------ TASK INPUTS

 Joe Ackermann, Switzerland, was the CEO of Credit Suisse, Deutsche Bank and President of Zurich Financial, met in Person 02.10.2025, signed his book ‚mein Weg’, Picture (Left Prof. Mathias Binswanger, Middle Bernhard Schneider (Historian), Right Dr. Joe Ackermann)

------------
------ TASK INPUTS

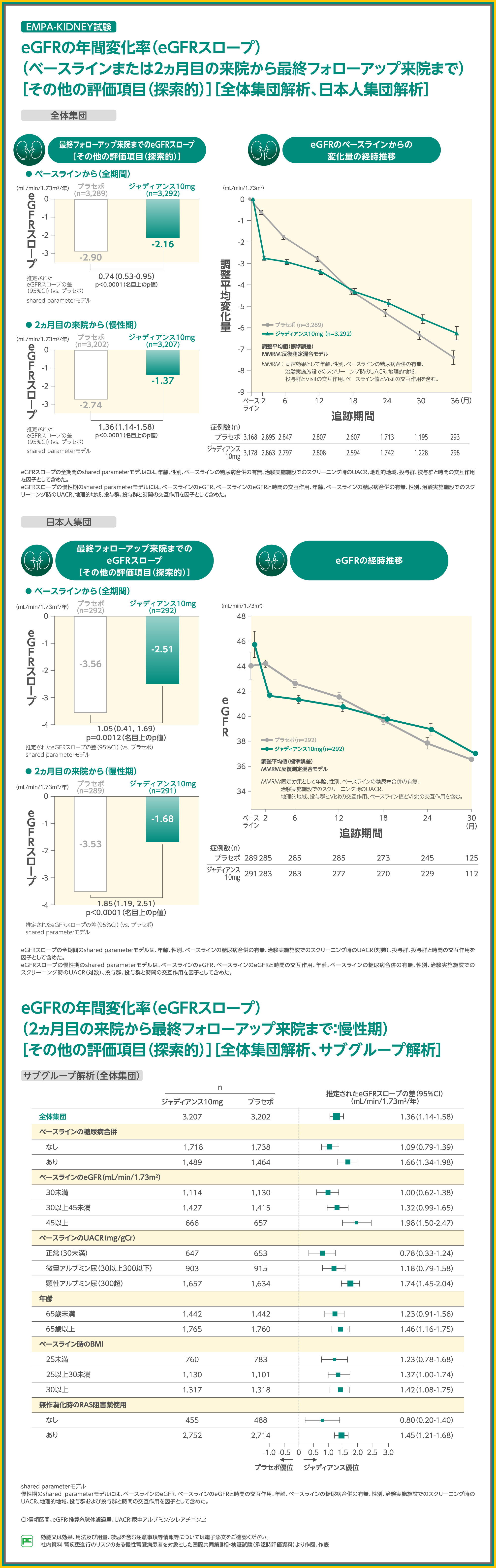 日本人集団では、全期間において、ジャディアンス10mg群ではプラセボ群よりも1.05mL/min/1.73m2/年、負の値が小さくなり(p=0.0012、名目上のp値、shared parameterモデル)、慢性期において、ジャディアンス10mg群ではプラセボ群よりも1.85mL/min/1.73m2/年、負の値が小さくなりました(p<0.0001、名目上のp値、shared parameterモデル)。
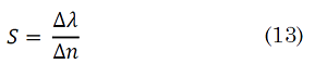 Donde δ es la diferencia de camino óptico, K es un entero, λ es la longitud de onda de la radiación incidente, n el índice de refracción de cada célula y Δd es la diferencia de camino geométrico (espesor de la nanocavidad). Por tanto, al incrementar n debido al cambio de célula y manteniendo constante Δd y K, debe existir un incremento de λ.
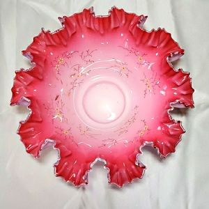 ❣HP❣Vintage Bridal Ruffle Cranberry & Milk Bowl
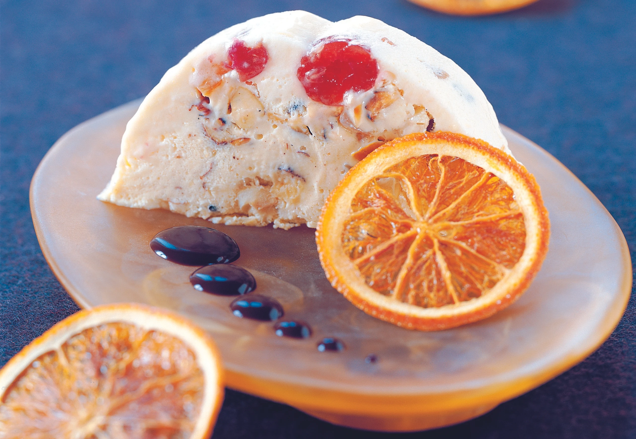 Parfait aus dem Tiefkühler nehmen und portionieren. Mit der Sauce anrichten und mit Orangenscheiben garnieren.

------------
------ TASK INPUTS

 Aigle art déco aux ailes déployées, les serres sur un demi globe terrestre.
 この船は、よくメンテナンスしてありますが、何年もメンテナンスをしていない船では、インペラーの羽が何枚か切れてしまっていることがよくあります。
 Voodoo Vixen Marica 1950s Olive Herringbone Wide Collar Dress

------------

TASK TO CARRY OUT | Would you quote everything above from the line containing "この船は、よくメンテナンスし" down to the line containing "Voodoo Vixen Marica"? Include both of those lines and nothing else.

ANSWER TO THE PROBLEM |
 この船は、よくメンテナンスしてありますが、何年もメンテナンスをしていない船では、インペラーの羽が何枚か切れてしまっていることがよくあります。
 Voodoo Vixen Marica 1950s Olive Herringbone Wide Collar Dress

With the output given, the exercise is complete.